Ao longo da história, o dress code sempre funcionou como um marcador social e profissional. Na Europa moderna, o vestuário corporativo começou a se consolidar com o surgimento das primeiras empresas, quando a roupa passou a diferenciar quem exercia funções administrativas daqueles que atuavam no trabalho manual. 

Assim, camisa branca e terno tornaram-se símbolos desse distanciamento, associando formalidade, status e autoridade ao ambiente de escritório.

No final do século XIX e início do século XX, essa lógica se fortaleceu. Homens mantinham o uso de casacos e gravatas mesmo em climas quentes, enquanto mulheres que ingressavam no mercado de trabalho adotavam vestimentas discretas, com saias longas e blusas fechadas. 

Porém foi só a partir dos anos 1970 que o ambiente corporativo passou a aceitar cores e modelagens menos rígidas. Já na década de 90, a informalidade ganhou força em setores menos tradicionais, impulsionando iniciativas como a “casual friday”, que rapidamente deixou de se limitar às sextas-feiras e passou a influenciar o vestuário da semana inteira. 

Esse processo se intensificou com a pandemia e o trabalho remoto, quando o vestir profissional se aproximou da realidade doméstica. Com a consolidação do modelo híbrido, a flexibilização do dress code se firmou como uma demanda permanente, agora equilibrada por diretrizes que buscam alinhar liberdade e profissionalismo.

Moda utilitária: quando a funcionalidade encontra a estética

Nesse contexto, a moda utilitária ganhou protagonismo. A proposta valoriza roupas funcionais, confortáveis e versáteis, capazes de acompanhar diferentes momentos da rotina produtiva. 

Por exemplo, peças com bolsos estratégicos, modelagens amplas, tecidos resistentes e detalhes como elásticos e cordões traduzem essa estética. Com isso, combina influências do workwear e do universo urbano.

Embora tenha se fortalecido durante o período de isolamento social, não perdeu espaço no pós-pandemia. Pelo contrário, passou por um refinamento que a aproximou das tendências de moda masculina e feminina voltadas ao cotidiano profissional. 

Hoje, ela atende à necessidade de transitar entre trabalho e lazer, sem comprometer a imagem pessoal e a cultura corporativa.

O equilíbrio entre elegância e conforto na jornada profissional

A busca por esse equilíbrio transformou a rotina produtiva, permitindo que o uso de itens mais despojados, como o tênis casual masculino, por exemplo, ganhasse espaço, inclusive em ambientes tradicionalmente mais formais. 

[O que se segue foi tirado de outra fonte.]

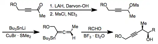 Nucleophilic addition to propargyl mesylates or tosylates is used to form allenylstannanes.[13] These compounds react similarly to allylstannanes to afford homopropargyl alcohols, and any of the three reaction modes described above can be used with this class of reagents as well.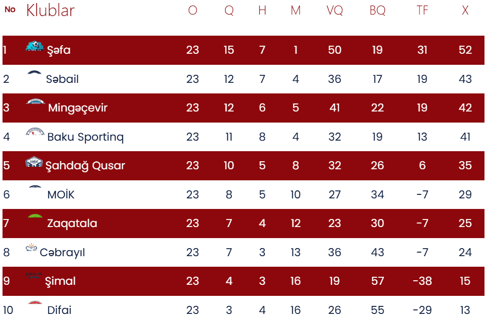 Qeyd edək ki, ötən gün keçirilən görüşlərdə də maraqlı nəticələr qeydə alınıb. “Şəfa” MOİK üzərində inamlı qələbə qazanıb (3:0), “Şahdağ Qusar” səfərdə “Zaqatala”nı minimal hesabla məğlub edib (1:0), “Cəbrayıl” isə “Mingəçevir” üzərində gözlənilməz qələbəyə sevinib (2:1).

Além disso, outras peças ganham espaço nessa nova dinâmica. Por exemplo, calças de corte reto, camisas em tecidos leves, malhas estruturadas, jaquetas funcionais e vestidos de caimento fluido permitem composições adequadas tanto para o escritório quanto para outros compromissos pessoais.

Ainda assim, a adoção dessas peças exige atenção. O bom senso segue como elemento central: compreender o tipo de atividade exercida, o nível de formalidade da empresa e as interações previstas ao longo do dia é fundamental para manter uma imagem profissional coerente.